Обращаясь к вопросу о знании предмета, могу сказать, что предыдущая моя работа была так же связана с живописью (итальянского Ренессанса). Предметом той работы являлось влияние живописи итальянского Ренессанса на французскую культуру XIX века. Та работа касалась периода, близкого по времени к анализируемому мной в этой работе, но который был отделен значительными культурными переменами. Пусть в этой работе я рассматриваю влияние политической власти, а не искусства, и теперь центральным моим интересом становится сама Италия Позднего Средневековья, мне важна перцепция идей одного периода и репрезентация их в другом. С этими же культурными и политическими феноменами (перцепция идей и их репрезентация) я работала ранее, используя другие примеры.

Актуальность этой работы может быть объяснена тем фактом, что визуальная история достаточно новая, так как исследования в этой области истории связаны с «визуальным поворотом», произошедшим? и описанным в 70-х годах XX века.

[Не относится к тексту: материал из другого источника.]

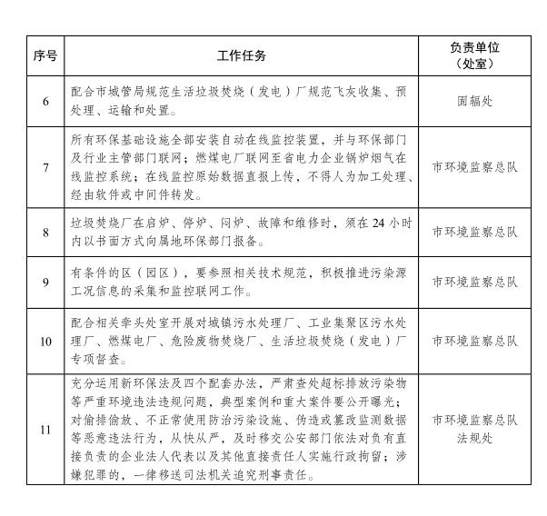 危險(xiǎn)廢物焚燒廠嚴(yán)格落實(shí)危險(xiǎn)廢物申報(bào)登記、貯存管理、轉(zhuǎn)移聯(lián)單、應(yīng)急預(yù)案等許可條件要求,設(shè)施工況運(yùn)行滿足要求,污染處理設(shè)施運(yùn)行正常,廢水、廢氣排放達(dá)到《危險(xiǎn)廢物焚燒污染控制標(biāo)準(zhǔn)》,次生危險(xiǎn)廢物實(shí)現(xiàn)安全處置。(市環(huán)保局牽頭,相關(guān)區(qū)、園區(qū)負(fù)責(zé)落實(shí))
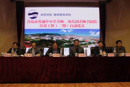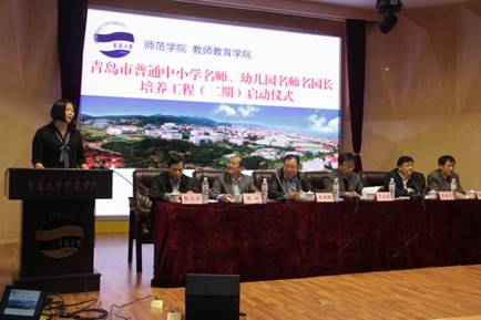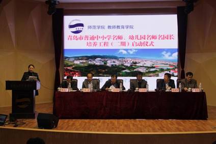 2016年11月4日下午,“青岛市普通中小学名师培养工程(二期)”和“青岛市幼儿园名师名园长培养工程(二期)”启动仪式在我校师范学院学术报告厅成功举办。白菜网所有网站大全副校长于永明,青岛市教育局副局长王洪琪、人事处(教师教育处)处长陈健、副处长张文学,白菜网所有网站大全师范学院副院长陶明达等领导共同出席了启动仪式。启动仪式由师范学院、教师教育学院院长李福华主持,全体名师培养工程人选,师范学院、教师教育学院相关职能部门负责人、各教学系主任、教师及在校研究生和本科生代表参加了启动仪式。
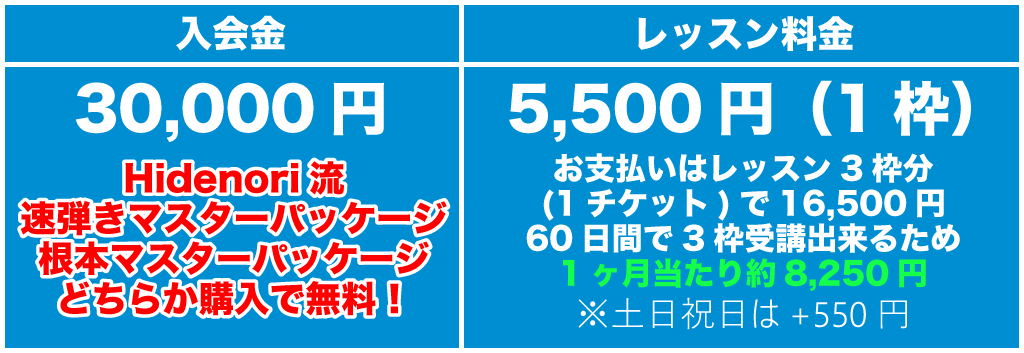 Hidenori Music Schoolはチケットを購入しない一度きりのレッスンも実施しています。
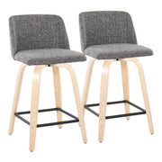 Toriano - Contemporary Fixed Height Counter Stool With Swivel, Square Footrest (Set of 2) - Gray / Black / Natural
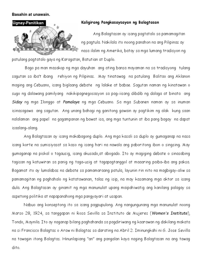 Ibigay ang hinihingi sa bawa bilang. Kaligirang pangkasaysayan ng balagtasan means literate historic poetry. Petsa ng unang pagpupulong para sa paghahanda sa kaarawan ni Balagtas.
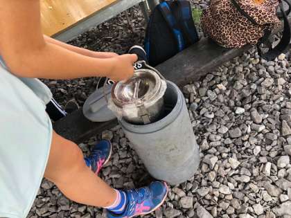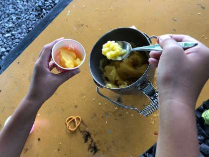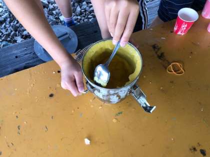 ステンレスの容器を開け、氷状の材料をスプーンで落として混ぜます。
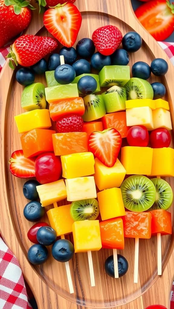 These skewers are not only visually appealing but also super easy to make. They can be prepared ahead of time and served cold, making them perfect for outdoor celebrations. Plus, they encourage guests to grab a healthy snack while mingling.
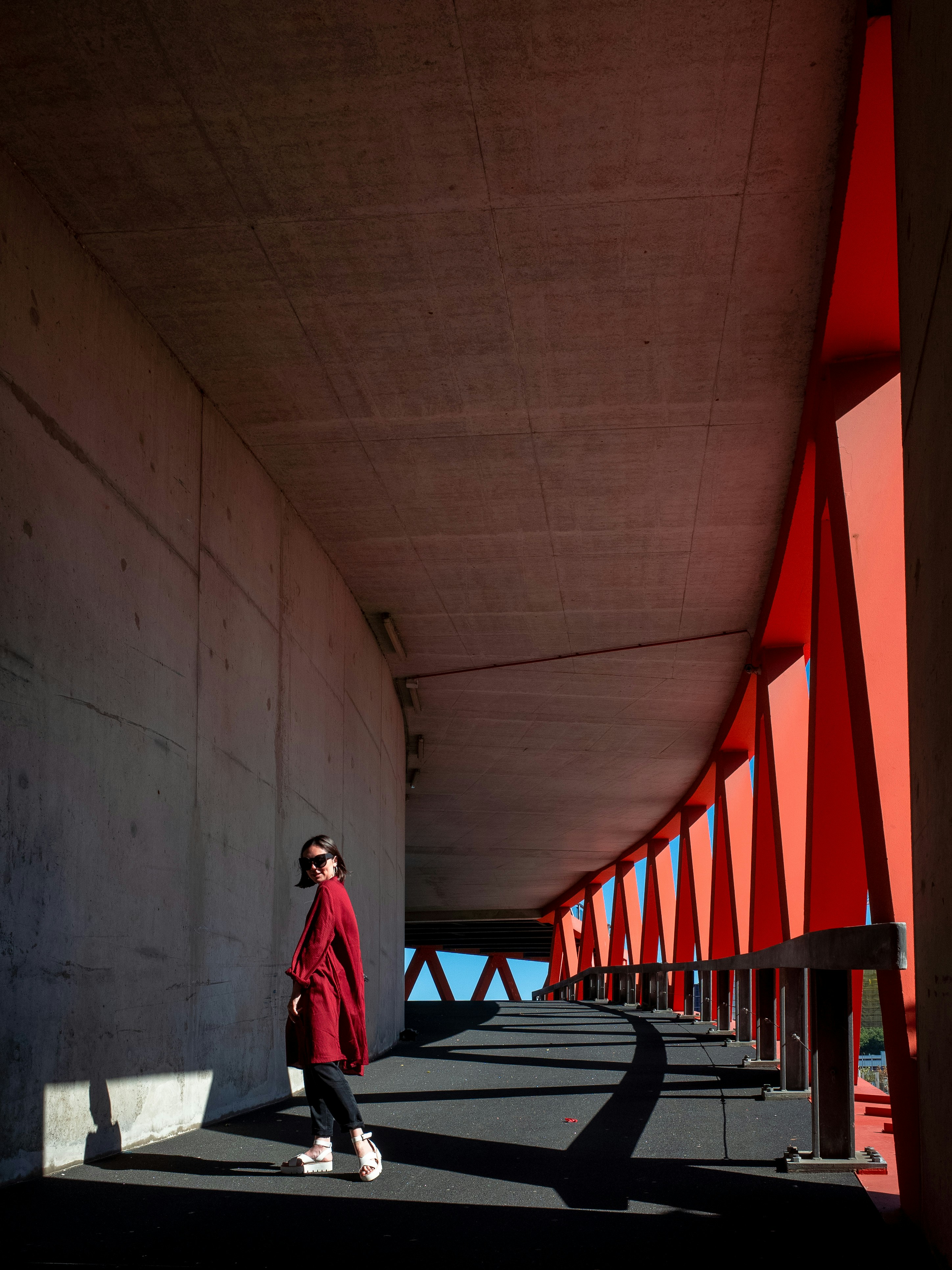Adelaide. Art Deco two storey house called Hamilton House. Rounded corner windows and walls, cement rendered walls, rows of hard fired red bricks at base, terracotta tiles, horizontal grouves in render above entry porch.

Целью данного исследования является анализ влияния идей из сочинений Цицерона «Об обязанностях» и «О республике» на фреску Амброджо Лоренцетти. Поэтому в ходе этой работы будут разрешены следующие задачи: проанализировать фреску Абмроджо Лоренцетти и описать ее центральные образы; проанализировать сочинения Цицерона и найти используемые Лоренцетти в качестве образов понятия, упомянутые Цицероном; сравнить одинаково названные понятия Лоренцетти и Цицерона; обосновав, отсеять не упомянутые Цицероном, но используемые Лоренцетти понятия; доказать влияние Цицерона на фреску Лоренцетти посредством пояснения схожих по смыслу понятий, используемых Цицероном и Лоренцетти.

 

Историография

В то время как о непосредственном влиянии этих античных текстов на фреску исторических трудов не наблюдается, даже на более широкую тему – о влиянии трудов Цицерона на средневековую Европу – сложно найти историографию. Однако парадигму влияния одного философа лучше рассматривать через призму влияния его современников-философов. Поэтому данная тема требует обращения к историографии о влиянии античной философии на средневековую европейскую философию.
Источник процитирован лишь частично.